The best way to prove the value of a vehicle is to keep all receipts and records for work that was performed on the car. From small things like oil changes to larger expenses such a new transmission, records of the work done will help support the car’s real value. Another way to prove a car has more value is to find other closely comparable cars that have recently sold, using their sales prices as a benchmark for the value of the insured’s car. With out proof otherwise, the insurance company will go with the value that is easily supportable, which may not be correct. It is up to the insured to prove why the car’s value should be something different. Additionally, the person should have the adjuster walk them through the total loss worksheet details, so all of the calculations, including the subtraction of the deductible, have been made clear.
Repair or Replace Cutoffs
After the insurance company determines the cash value, it will determine the total damage based on the information provided by the insurance adjuster and the mechanic. Each insurance company uses its own process for determining the cutoff between repairing or replacing the vehicle. The percentage generally used among insurers is 70 to 75%, meaning any repair costs that would total more than 70-75% of the car’s value will cause the vehicle to receive a determination to be totaled.

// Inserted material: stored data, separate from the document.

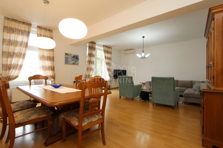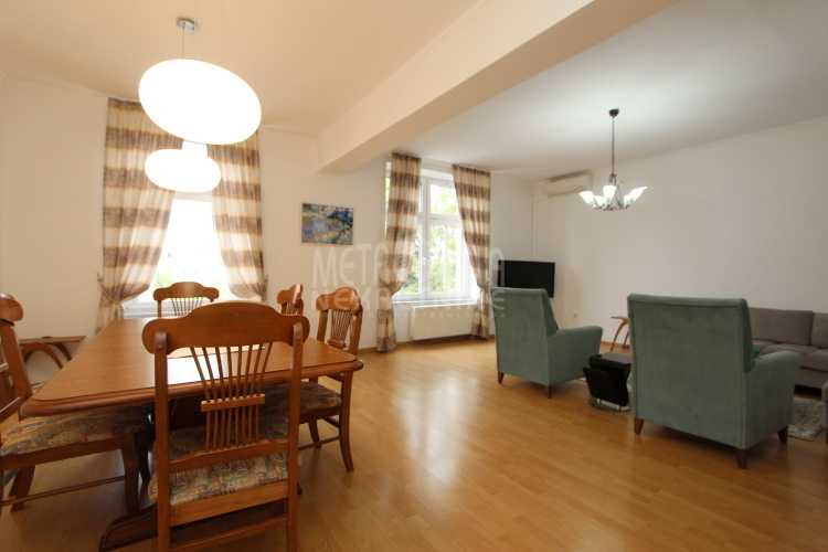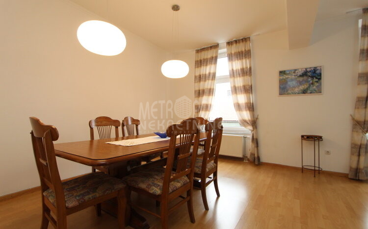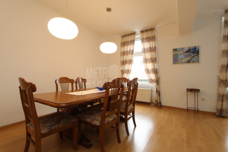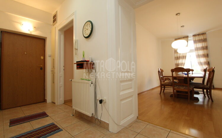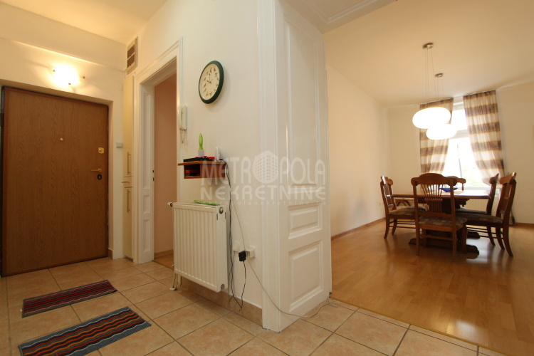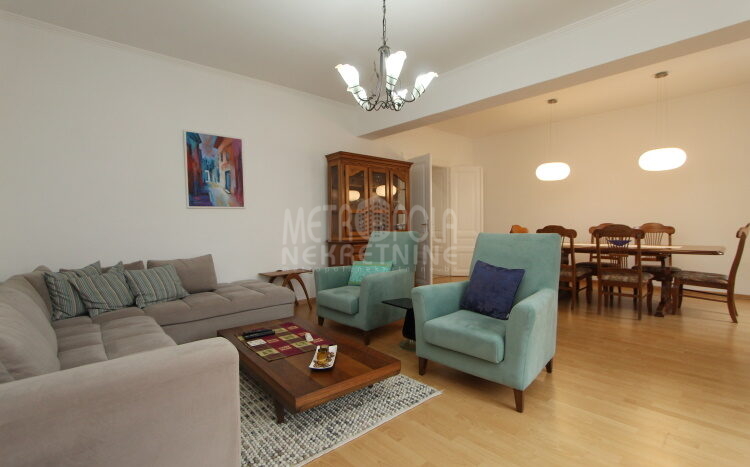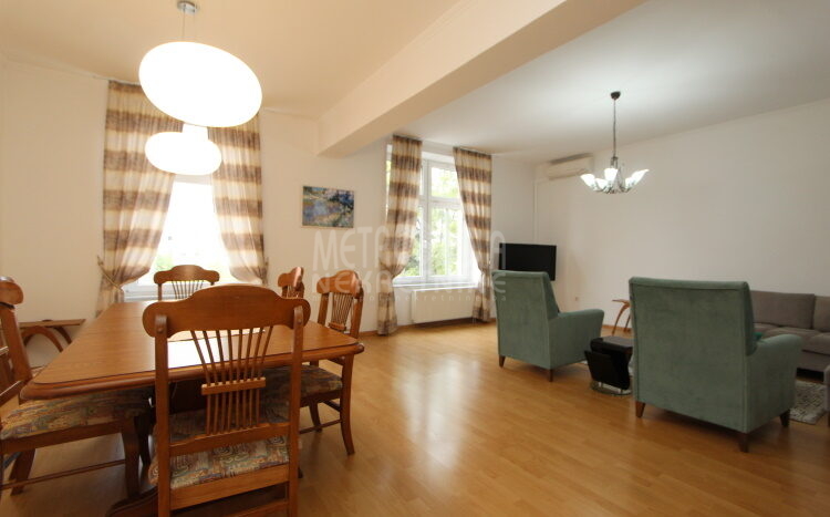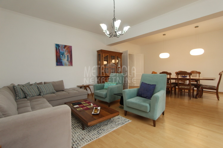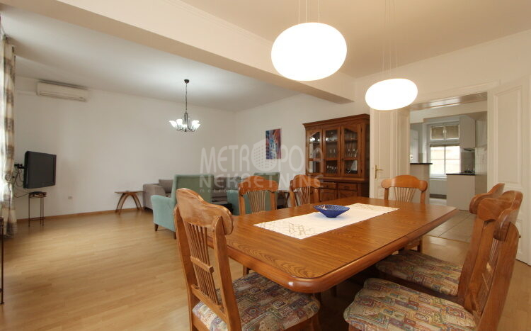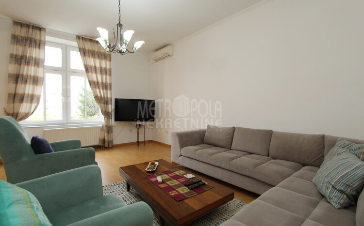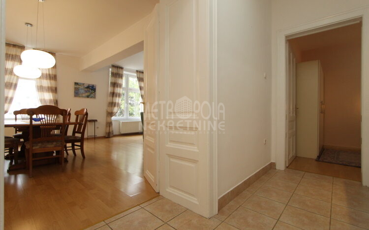 Iznajmljujemo potpuno namješten i komforan trosoban stan, površine 97m2. Stan se nalazi na prvom spratu privatnog stambenog objekta, u ul. Avde Jabučice, sarajevsko naselje Marijin Dvor, općina Centar. Predmetna nekretnina se sastoji od prostranog dnevnog boravka sa trpezarijom (cca. 37m2), predsoblja iz kojeg je omogućen pristup u obje spavaće sobe i kuhinju, te degažmana koji vodi do kupatila i odvojenog toaleta. Zahvaljujući južnoj orjentaciji, stan je optimalno osunčan tokom većeg dijela dana. Cjelokupno je renoviran tokom 2008. godine, a namještaj u stanu je nov. U stanu je razvedeno i kombinovano grijanje, primarno je plinsko etažno, a alternativa je grijanje na električnu energiju.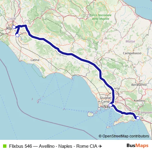 The first stop of the Flixbus 546 bus route is Rome Ciampino Airport and the last stop is Avellino. Flixbus 546 (Avellino - Naples - Rome CIA ✈) is operational during tutti i giorni.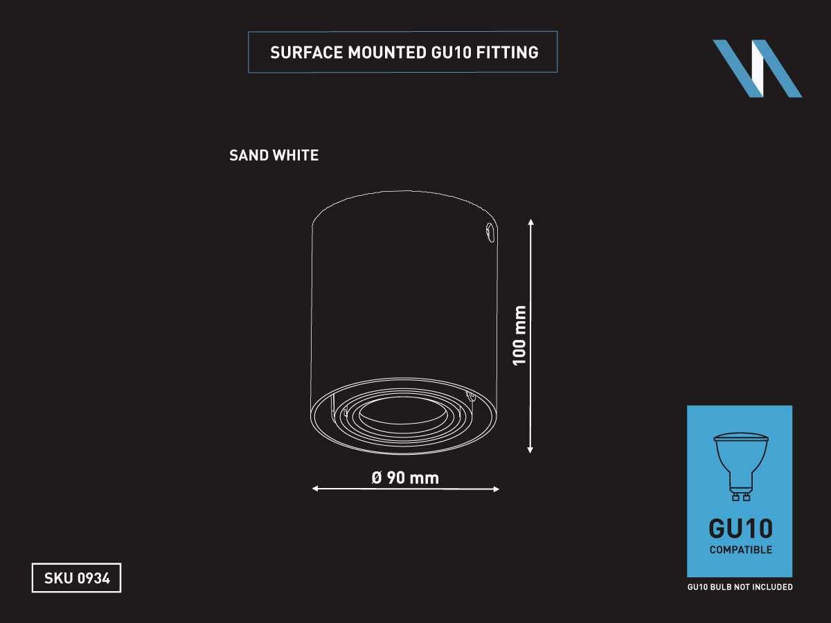 Afdichting IP20, product kleur zand wit, afm. Ø 90 x 100mm, bevestiging inclusief, materiaal aluminium, fitting GU10, bulb niet inbegrepen, geschikt voor binnen, een bulb invoer, voltage 220-240V, SKU 00934 No Merk: LAMPINNO Product type: Binnen Verstelbaar: true Fitting: GU10 Kleur: Wit Lengte: 10.0cm Breedte: 9.0cm Materiaal: Aluminium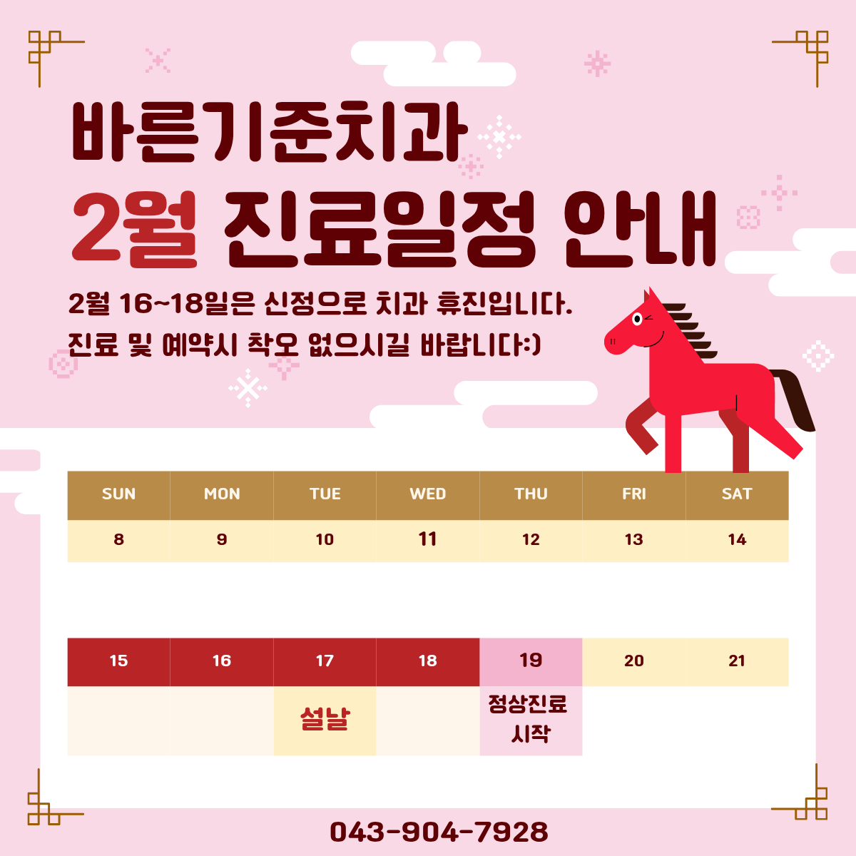 청주 바른기준치과입니다:) 바른기준치과 26년 2월 진료안내 해드리겠습니다. 26년 2월에는 신정을 맞이해서 2월 16일(월요일)~18일(수요일)까지 휴진합니다. 진료와 내원시 착오 없으시게 진료 일정 확인 후에 내원 부탁드립니다.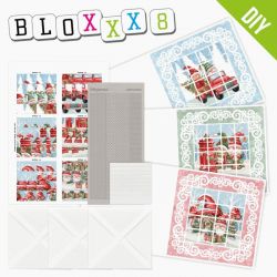 Vele Bloxxx maken samen één 3D-afbeelding. Door losse blokjes op uitgekiende plaatsen op de voorgedrukte afbeelding te plaatsen creëer je diepte op de kaart. Werk de kaart af met Shiny Details voor een extra chic resultaat. De set bevat alle benodigdheden voor het creëren van 3 vierkante kaarten. 3 voorgedrukte wenskaarten, voldoende losse Bloxxx, Shiny Details, foamblokjes en 3 enveloppen. Dankzij het voorgedrukte patroon kunnen de kaarten gemaakt worden zonder gebruik van een lichtbak.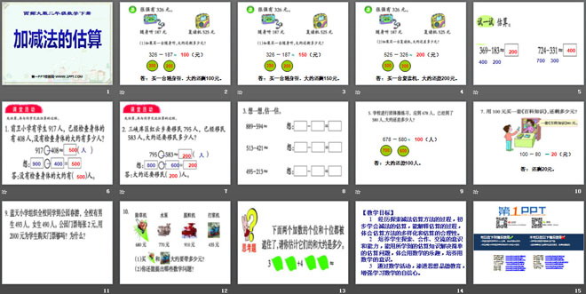 关键词:三位数的加减法课件PPT,加减法的估算课件PPT,西师大版二年级下册数学PPT课件下载,二年级数学幻灯片课件下载,三位数的加减法PPT课件下载,加减法的估算PPT课件下载,.PPT格式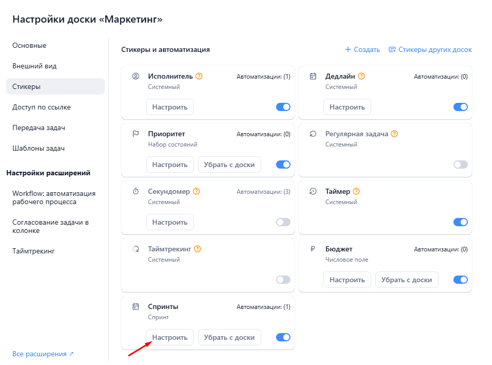 В разделе "Стикеры" есть возможность настроить автоматизации для стикера Спринт.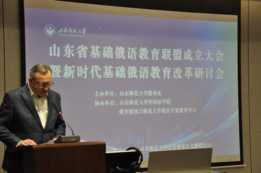 12月6日下午,在长清湖校区文渊楼B242会议大厅隆重举办了“山东省基础俄语教育联盟成立大会暨新时代基础俄语教育改革研讨会”。会议邀请山东师范大学党委常委、副校长张茂聪教授、山东大学教学促进与教师发展中心副主任李建刚教授、曲阜师范大学外国语学院副院长王洪明教授、山东师范大学赫尔岑国际艺术学院刘东峰院长、俄罗斯国立师范大学俄语开放教育中心负责人谢尔盖·马霍夫、东明一中校长张景永,临清三中党委书记单艳军等嘉宾出席。来自全省四十余所高中的校领导和俄语学科负责人等共60余人参加会议。外国语学院党委书记岳希亮、院长王卓、副书记陶业涛、副院长张媛、俄语系全体教师、部分学生代表等聆听了大会报告。联盟成立大会由外国语学院王卓院长主持。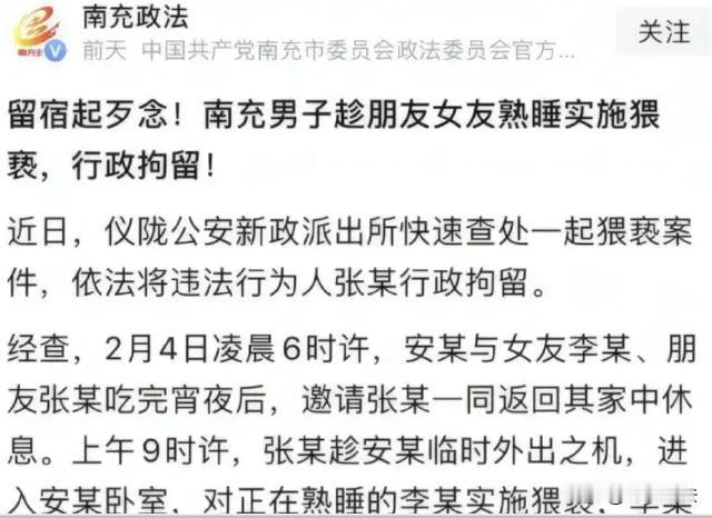 四川南充,一男子跟朋友聚会,在聚会上认识了朋友的女友,眼看对方女友长得很带劲,身材也很劲爆,当时男子内心就很蠢蠢欲动。酒席快要散去,男子的朋友则热情的邀请他一起回家,两个人还想要叙叙旧。跟着兄弟回家之后,兄弟接了电话外出办事,男子则悄悄潜入了兄弟女友的房间,伸手去偷摸女子。女子惊醒后很气愤,痛斥男子:做这事,你对得起他吗? 南充政法2月9日报道了这则新闻。 据报道称,被兄弟的女友斥责之后,男子很羞愧,还想要辩解的时候,女友直接拿起手机报了警。 一男子安某有个好兄弟张某,两个人好久没聚了,得知最近好兄弟张某来到了自己的城市,安某就想着喊上张某一起吃个饭。 在饭局上,安某携带了自己的女友李某一起,三个人喝的非常开心。 聚会上,其实有个小细节,那就是张某一直悄悄的注意着好兄弟的女友李某,对方长得是很带劲,身材劲爆,长相也很好看。 张某当时还心想:安某可真是好福气啊,他怎么就能谈到这么漂亮的女友呢。 饭局快要结束了,眼看就要分开,张某内心还有点小遗憾。倒不是因为跟好朋友分别,他才感到有些忧伤,而是,快要离开好兄弟的女友了,他有些怏怏不乐。 谁知道,这个时候安某竟然主动提出:“今天也很晚了,你就就别回去了,到我家睡一晚,咱哥俩还可以再聊一聊。” 听到这话,张某欣然答应,内心很开心。 之后三个人就回到了安某租住的小区,一阵闲聊之后,女友李某就准备洗漱睡觉了。 李某是一个人睡在卧室里的,而安某就跟自己的好兄弟张某,两个人在客厅里打地铺。 夜色渐深,安某突然接了个电话,说要出去一趟。安某就跟好兄弟说,马上就回来。 而张某眼看着机会来了,他就悄悄的打开了李某的房间。 此刻,房间内的李某睡得正香,丝毫没有注意到有人潜入自己的房间。而这个时候的张某,实在是忍不住了,毕竟睡梦中的李某,也是水灵灵的、可爱的很。 他靠近了床边,开始对李某实施猥亵。 张某把手伸进了李某的被窝,开始用手触碰李某的身体,之后就在她的身上一阵抚摸。 可能按揉的力度有些大,动静声将李某给惊醒了。 李某睁开眼睛,眼前出现张某的脸,细想刚刚他的手,竟然伸了进来,李某非常气愤,直接就当面斥责:“你这样做,对得起他吗?他可是你从小玩到大的好兄弟!” 而这个时候,张某一直在辩解,甚至还想要跑回客厅里,试图要逃走。 李某则快速的拿起手机,直接就报了警。 接警之后,办案人员也快速来到了现场,并且将躲在客厅的张某给控制住了。经过审讯,张某也对自己的行为如实供述。 张某表示:“对方太迷人了,自己一时鬼迷心窍,感到很对不起她,也对不住自己的兄弟。” 目前,张某涉嫌猥亵罪,已经被带回调查、作出行政拘留处理。 本案释法: 男子趁好兄弟不在家,对兄弟的女友实施猥亵的行为,此举是否构成违法呢? 根据《刑法》第二百三十七条规定,以暴力、胁迫或者其他方式做出强制猥亵的行为,或者涉嫌侮辱妇女的,则构成猥亵罪。 正常来说,构成此罪会被处以五年以下有期徒刑或者拘役。 在本案中,事后张某积极认罪,并且取得了朋友的谅解,最后的处理方式就是先采取行政拘留。但是这并不意味着他可以免责。之后如果证据充分、情节严重,就会转入刑事程序。 像张某这类案件,就是属于熟人作案,趁人不注意潜入房间里,对女子实施猥亵行为,不仅违法,往往还被认为是背信弃义,这类主观恶行更加深重,反而可能会从重处罚。 为什么总有人感觉,只是猥亵,还没有发生那个关系,这个事儿就不算大? 先是触摸,谁知道之后男子还要做什么呢? 也有人认为,连兄弟的女友都不放过,这样的人,不配得到爱情,也不配拥有友情! 而女友李某做的也很对,不要隐忍、不要纵容,遇到这样的事情,果断打电话报一下案,不然,下次还会有类似的事情发生。 对于此事,您怎么看待呢?不妨评论区留言,大家一起来讨论吧!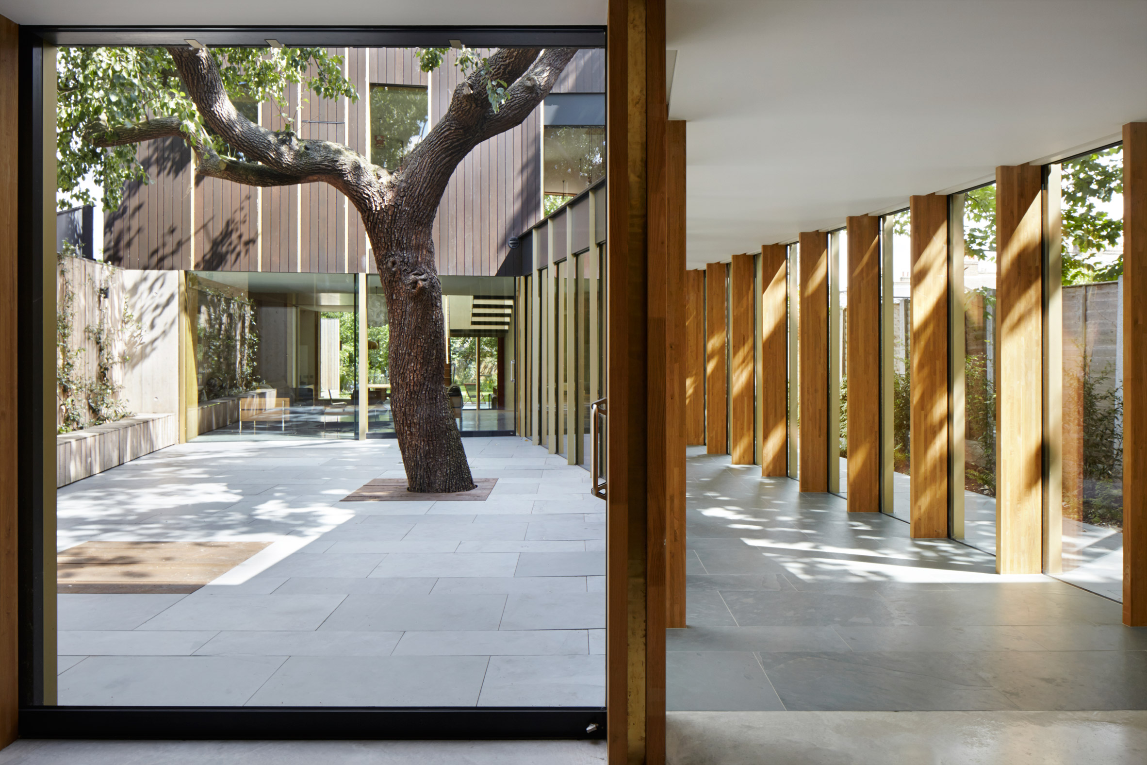 “Ngôi nhà được xây dựng xung quanh cái cây, tạo nên một khoảng sân rộng, đáp ứng đủ ánh sáng và không khí, xoay ngôi nhà vào trong giúp duy trì khoảng không riêng tư khỏi những ngôi nhà khác”
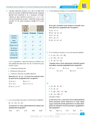 Kümelerde Yapılan İşlemler ile Sembolik Mantık Kuralları Arasındaki İlişkiler KAZANIM TESTI 5

However, some insurers may also go as low as 50% damage or as high as 80% before totaling a car.
Once the final determination is made to total the car, the insurance company will provide the insured with a check for the car’s value. The money can be used to purchase a new vehicle, or in any other way the insured sees fit. The totaled car goes to a salvage yard where it is sold, with the proceeds going to the insurance company. If the insured wants to keep the vehicle, the option needs to be discussed with the claim adjuster early on in the car’s evaluation process. Once it goes to auction, the owner may have a difficult time trying to buy it from the auction house. On the flip side, keeping a car after it has been “totaled” by the insurance company means a potentially large project of repairing the car. Additionally, the car will have a salvage title, which shows on its carfax report and dramatically decreases its market value even if fully repaired.